Kenneth Fok Kai-kong, JP (; born 2 July 1979) is a Hong Kong businessman and politician. The eldest grandson of tycoon Henry Fok and eldest son of Timothy Fok, he is Legislative Councillor for the Sports, Performing Arts, Culture and Publication Functional Constituency. He is the vice president of the Fok Ying Tung Group, vice president of the Sports Federation & Olympic Committee of Hong Kong, China and a member of the National Committee of the Chinese People’s Political Consultative Conference (CPPCC).

Biography
Fok was born into the prominent pro-Beijing business family. His grandfather, Henry Fok, was a Hong Kong real estate developer, president of the Real Estate Developers Association of Hong Kong and Hong Kong Football Association, and was one of the first Hong Kong entrepreneurs to invest in mainland China, in 1980s. He rose to become the vice chairman of the National Committee of the Chinese People's Political Consultative Conference (CPPCC). His father, Timothy Fok, is also president of the Hong Kong Football Association and the Sports Federation & Olympic Committee of Hong Kong, China, a member of the CPPCC National Committee and former member of the Legislative Council for the Sports, Performing Arts, Culture and Publication functional constituency.
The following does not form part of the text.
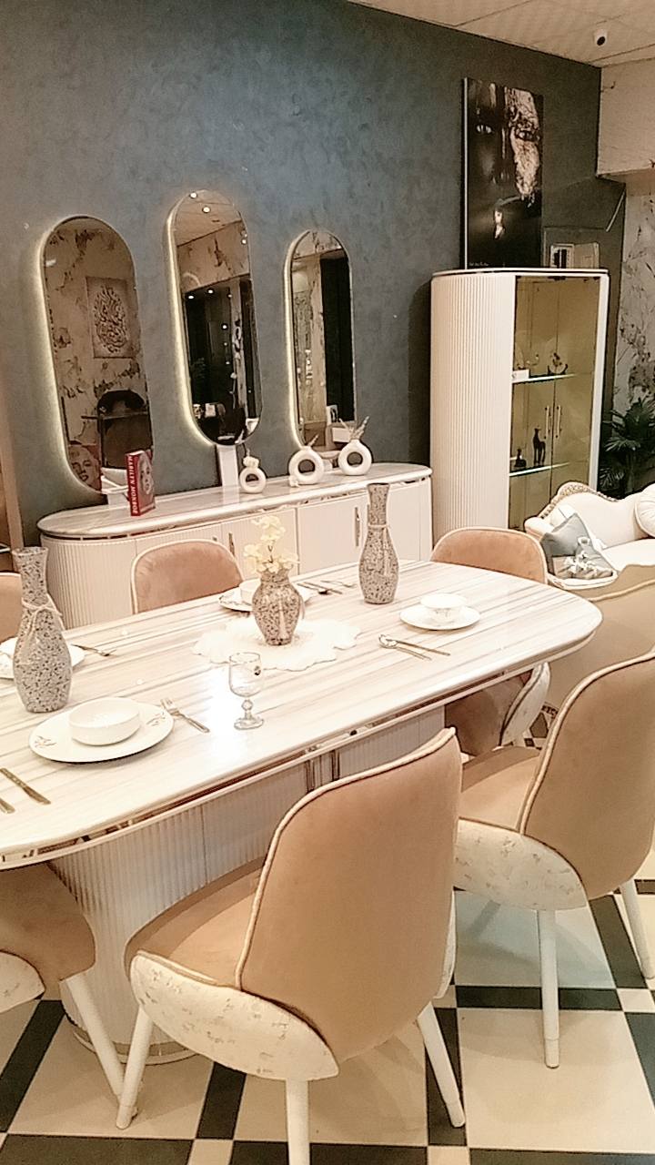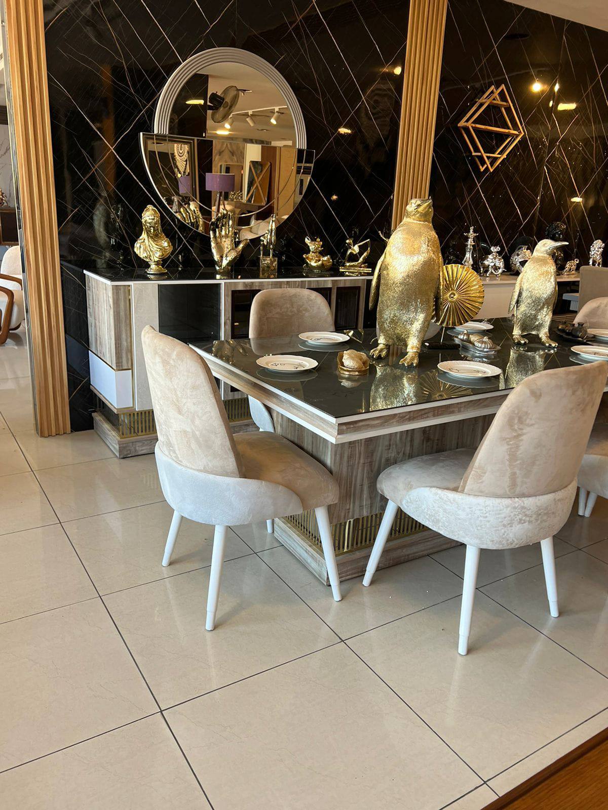 أما السفرة، فالمعرض بيقدم طاولات وكراسي بأحجام وخامات مختلفة، من التصميمات البسيطة للموديلات الفخمة، وبتناسب العائلات الصغيرة والكبيرة.

His mother, Loletta Chu, was the winner of the 1977 Miss Hong Kong Pageant.

Fok graduated from Oxford University with a bachelor's degree in Economics and Management before returning to Hong Kong to join his family business and subsequently become vice president of the Fok Ying Tung Group. With his family's political background and influence in the sports development, he was appointed to serve on various government advisory and statutory bodies, including the chair of the Committee of Youth Activities in Hong Kong, member of the Youth Development Commission, Commission on Poverty, and Betting and Lotteries Commission; executive vice chair of Greater Bay Area Homeland Youth Community Foundation, standing committee member of Youth Committee of the Chinese General Chamber of Commerce, standing committee member of the All-China Youth Federation, and vice chairman of Tianjin Youth Federation and trustee of the China Oxford Scholarship Fund. 
Other public offices he holds include member of the Hong Kong Arts Development Council, adviser to the Association of Chinese Culture of Hong Kong, adviser to the Hong Kong Culture and Art Promotion Association and the chairman of Culture Action.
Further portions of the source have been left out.